Vai-se a ler o texto e afinal a frase do título não é dita por Ferreira Leite ao Expresso. Afinal, Ferreira Leite "terá concordado com dirigentes do PSD para quem 'falar de AD nesta altura é um disparate'".
Chamo a atenção do "terá". É uma hipótese. Até pode ter dito, mas o jornal não diz que ela disse, até põe o verbo no condicional ("terá") e não identifica fontes para sustentar uma notícia, que, no fundo, é de pura análise política de bastidores feita pelos dois jornalistas que assinam.
Nada contra, se as fontes são boas.

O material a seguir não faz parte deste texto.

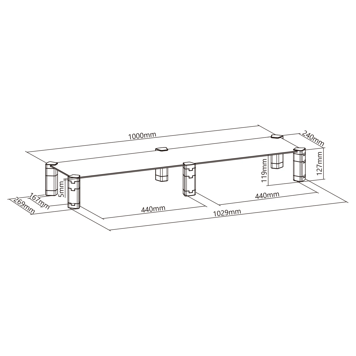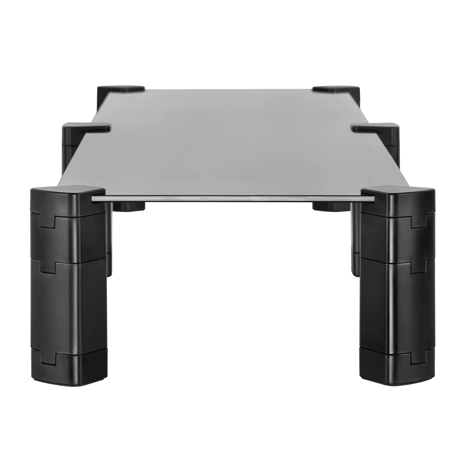 Ennek a kisasztalnak köszönhetően a monitorjaidat magasabbra emelheted, amellyel nem csak a látószögeden tudsz javítani, de még helyet is takarítasz meg. Helyezd dokumentumaid, vagy akár a gép kiegészítőit az asztal alá. A monitortartót 4 különböző magasságba tudod állítani, így megtalálod a neked megfelelőt. Anyaga edzett üveg, amely nem csak strapabíróvá, de könnyen tisztíthatóvá is teszi azt.

Não enganem é o leitor com uma frase no título que nem o jornal sabe se "terá" sido dita...
Ainda no Expresso na pág. 33. Jaime Nina, coordenador do Departamento de Doenças Infecciosas do Instituto Ricardo Jorge, fala ao jornal sobre a gripe suína: "A pandemia virá entre Outubro e Janeiro e DEVERÁ ATINGIR 10 a 25% da população.

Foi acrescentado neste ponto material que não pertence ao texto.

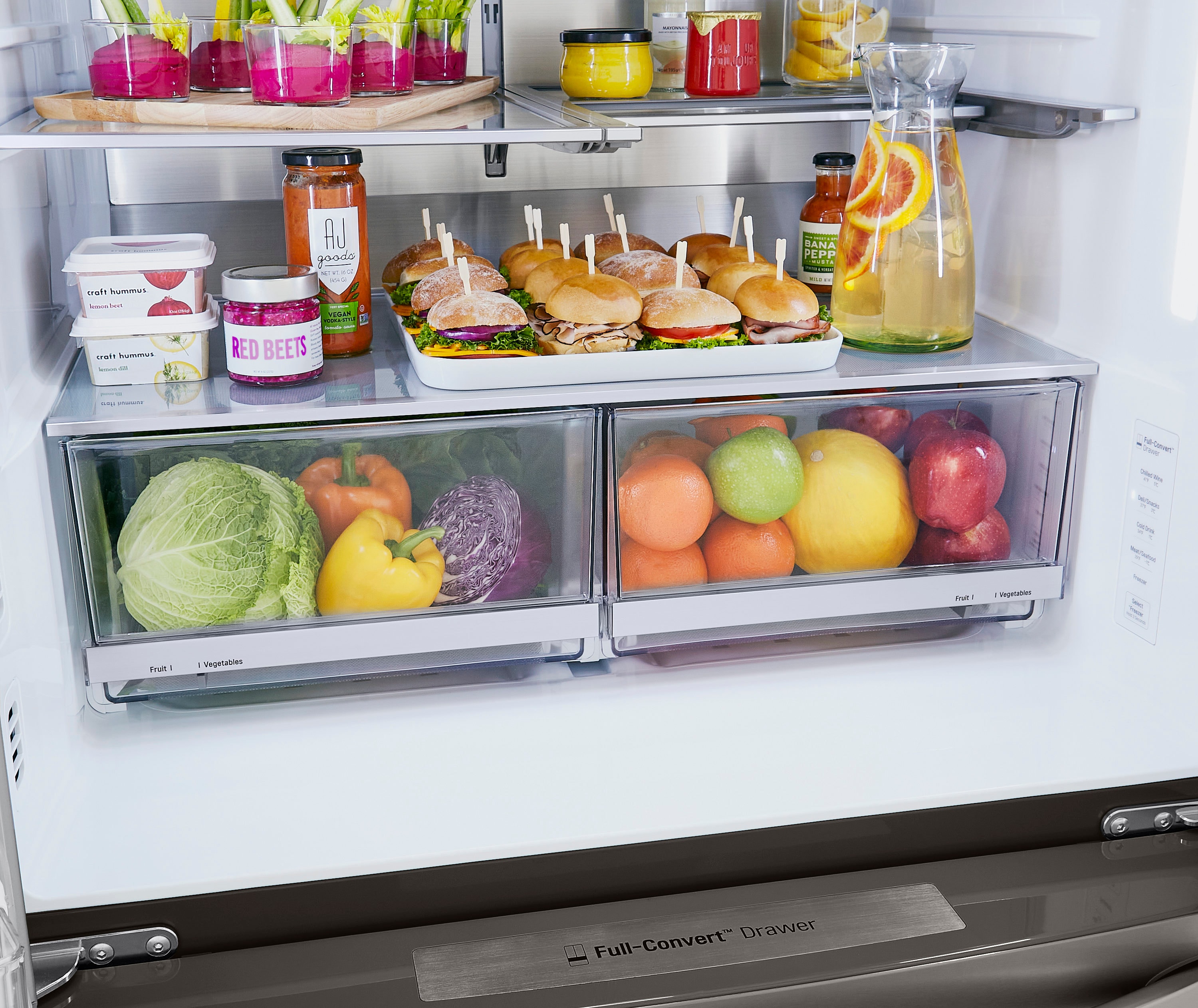 LG’s exclusive Door-in-Door® refrigerators have everything you need to become the ultimate home entertainer. Dual ice makers with Craft Ice™ automatically create crushed, cubed and LG’s exclusive slow-melting round ice for upscale, craft drinks at home—without the work. The Full-Convert drawer gives you more capacity when you need it, with the ability to fully convert from 5 chill to freeze options with one quick touch. To ensure you’re serving guests the freshest foods, innovative LG cooling technologies work together to dramatically extend the life of your produce.

Título do Expresso: "Infecção VAI ATINGIR até 25% dos portugueses"
Bom, isto são só cinco exemplos, de um dia apenas. Podia fazer um blog só com estas pérolas da imprensa de referência. E os outros é que são sensacionalistas e tablóides...
(Pedro M. Silveira)
*
Curiosa, essa sua referência à promoção “geracional”. Veio substanciar uma impressão que se me vinha ultimamente a acumular resultante de alguns factos avulsos que, se calhar, não são avulsos.
É o caso, por exemplo, da longa entrevista feita ontem pelo Público ao novo “coordenador do programa com Carnegie-Mellon”, um jovem brilhante de 36 anos, certamente cheio de entusiasmo e energia mas que, sobre o “espírito avançado” do que se faz “lá fora” em matéria de I&D afirma deslumbrado o que nós, mais velhos, já sabemos há muito e que nunca conseguimos entrosar com a nossa realidade nacional – e ele a manifestar o entusiasmo de quem nem sequer ainda se deu conta desse problema!...
É o caso semelhante, também, de outro jovem brilhante mais ou menos da mesma idade que começou a trabalhar comigo há 20 anos como bolseiro de investigação, ainda aluno de licenciatura, que foi depois comigo para a indústria nacional desenvolver uma linha de produtos pioneiros de alta tecnologia, mas que agora foi convidado para um alto cargo estatal de administração de subsídios (graças a boas ligações familiares) e que me atirou, ao ir, e com sobranceria, que “era tempo de os mais novos terem a sua oportunidade” porque “os mais velhos nunca tinham feito nada por este país”!...
E sabe que me lembra tudo isto? Deve ser por eu começar a ser um velho cheio de memórias, mas lembra-me a limpeza por Estaline de toda a velha guarda bolchevique delegada ao Congresso em que Kirov brilhara, e a sua substituição por “jovens operário e camponeses libertos de todos os vícios”…
Ou a mobilização da Guarda Vermelha por Mao para “limpar” Liu Shao Shi e os outros “degenerados revisionistas”.
Não por causa dos métodos assassinos, claro, mas pelo mesmo argumento de que os “jovens” vêem sem os vícios da velha guarda e de como essa ideia apenas esconde a busca do poder incontestado.